Doing importance sampling boils down to computing the above price by simulating paths and computing the expectation not under the risk-neutral measure $\mathbb{Q}$, but rather, under a modified measure $\mathbb{Q}^\theta$ which you have in your case chosen such that $$ \frac{dS_t}{S_t} = (r+\sigma\theta) dt + \sigma dW_t^{\mathbb{Q}^\theta} \tag{1}$$

which implicitly shapes the Radon-Nikodym derivative (see Girsanov theorem) $$ \left. \frac{d\mathbb{Q}}{d\mathbb{Q}^\theta} \right\vert_{\mathcal{F}_t} = \mathcal{E}\left(-\theta W_t^{\mathbb{Q}^\theta}\right) = \exp\left(-\theta W_t^{\mathbb{Q}^\theta} - \frac{1}{2}\theta^2 t \right) := L(\theta,t) \tag{2}$$ which defines what you refer to as the likelihood ratio.
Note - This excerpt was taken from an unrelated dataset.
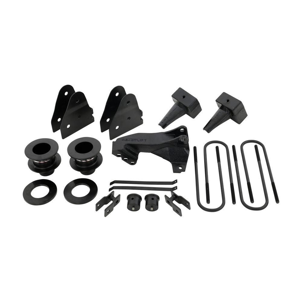 ReadyLIFT Suspension has engineered a 3.5"lift kit made to fit the 2011-16 Ford F250/F350/F450 SuperDuty 4WD trucks with a two-piece drive shaft that allows wheel and tire combinations up to 37" while keeping the smooth OEM ride and drivability. This is a complete lift kit including 5" OEM equivalent rear blocks with integrated bump stop landings, 3.5" coil spring extensions with sound isolators, an OEM-style panhard drop bracket, front bump stops, carrier bearing spacer, OEM shock extension brackets, a pair of radius arm drop brackets, and all needed hardware. When used with the maximum size tires, the F250 truck body is raised over 6". ReadyLIFT's 3.5" SST Fixed Lift Kit System for the 2011-16 Ford F250/F350 4WD Super Duty trucks is a safe, easy way to lift your Super Duty while maintaining your factory ride. Why spend thousands of dollars for an elaborate mega-lift kit that takes extensive time to install while destroying your ride when you can save money and get a great lift height that rides great and looks awesome! ReadyLIFT Smart Suspension Technology is used to make this kit very user friendly to install, requiring no cutting or drilling. Like all other ReadyLIFT kits, the F250/F350 3.5" SST Lift Kit is guaranteed for life against manufacturing defects. NOTE: For use with trucks with a one-piece drive shaft. NOTE: The lift blocks in this kit are not designed to work with aftermarket or factory add-on air spring/load leveling kits that attach to the bump stop tangs. Use of this type of air bag system will void all block warranties and can cause failure of the block bump stop tang. Diesel engines only. Gas engine trucks will sit nose high.
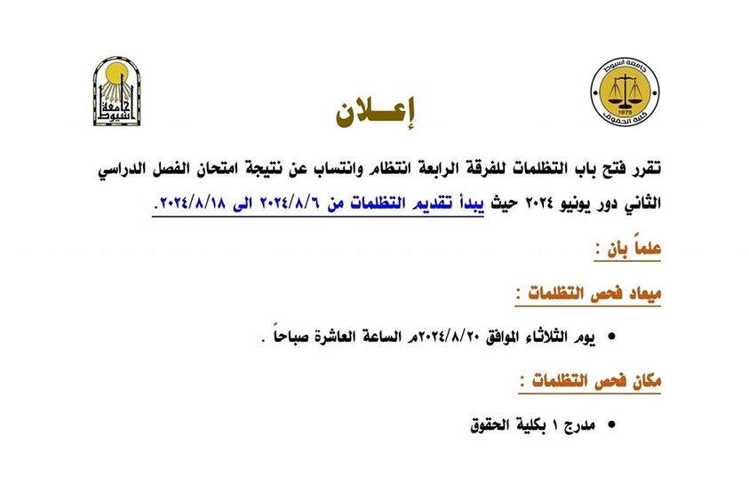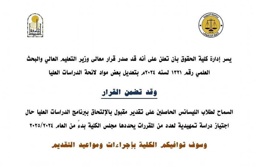 أعلن الدكتور أحمد المنشاوي رئيس الجامعة؛ تعديل اللائحة الداخلية لـ (مرحلة الدراسات العليا)؛ بنظام الساعات المعتمدة، لكلية الحقوق - جامعة أسيوط، والتي سيبدأ العمل بها مع انطلاق العام الدراسي الجديد ٢٠٢٤/ ٢٠٢٥م.

Using a change of measure argument (+ optimal sampling theorem), one can then claim that \begin{align} V_0 &= \text{sup}_{\tau \in \mathcal{T}[0,T]} \mathbb{E}_0^\mathbb{Q}\left[ e^{-r\tau} \max(S_{\tau}-K, 0) \right] \\ &= \text{sup}_{\tau \in \mathcal{T}[0,T]} \mathbb{E}_0^\mathbb{Q^\theta}\left[ e^{-r\tau} \max(S_{\tau}-K, 0) L(\theta,\tau) \right] \end{align} where in the last equality above, $S_{\tau}$ (and the expectation) are simulated (taken) under $\mathbb{Q}^\theta$.

So what you should do is:

  1. Generate $N$ stock price paths under the modified measure $\mathbb{Q}^\theta$ using the SDE (1)
  2. Apply the Longstaff-Schwartz algorithm (Least Squares Monte Carlo) to obtain, for each simulated path $n=1,...,N$ the value of the discounted exercise value at the optimal stopping time $\tau^{(n)}$ $$ e^{-r\tau^{(n)}} \max( S_{\tau^{(n)}}-K, 0 ) $$ (under the hood, the LS algorithm identifies optimal stopping times by approximating continuation values through polynomial regressions relying on cross-sectional information and working backwards in time).
  3. Once you have that, it is straightforward to compute the Monte Carlo estimator: \begin{align} V_0 &= \text{sup}_{\tau \in \mathcal{T}[0,T]} \mathbb{E}_0^\mathbb{Q^\theta}\left[ e^{-r\tau} \max(S_{\tau}-K, 0) L(\theta, \tau) \right] \\ &\approx \frac{1}{N} \sum_{n=1}^N \left( e^{-r\tau^{(n)}} \max( S_{\tau^{(n)}}-K, 0 ) \right) \times L(\theta, \tau^{(n)}) \end{align} with see (2) $$ L(\theta,\tau^{(n)}) = \exp\left(-\theta W_{\tau^{(n)}}^{\mathbb{Q}^\theta} - \frac{1}{2}\theta^2 \tau^{(n)} \right) $$ and by definition of a Wiener process (i.e. standard Brownian motion) $$ W_{\tau^{(n)}}^{\mathbb{Q}^\theta} = \sum_{ i : 0 \leq t_i \leq \tau^{(n)} } Z_i \sqrt{t_{i+1}-t_i},\ \ \ Z_i \sim N(0,1)\ \ \text{i.i.d.} $$

notice how the likelihood ratio $L(\theta,n)$ should be computed for each individual path $n=1,...,N$ depending on the optimal stopping time for that path $\tau^{(n)}$.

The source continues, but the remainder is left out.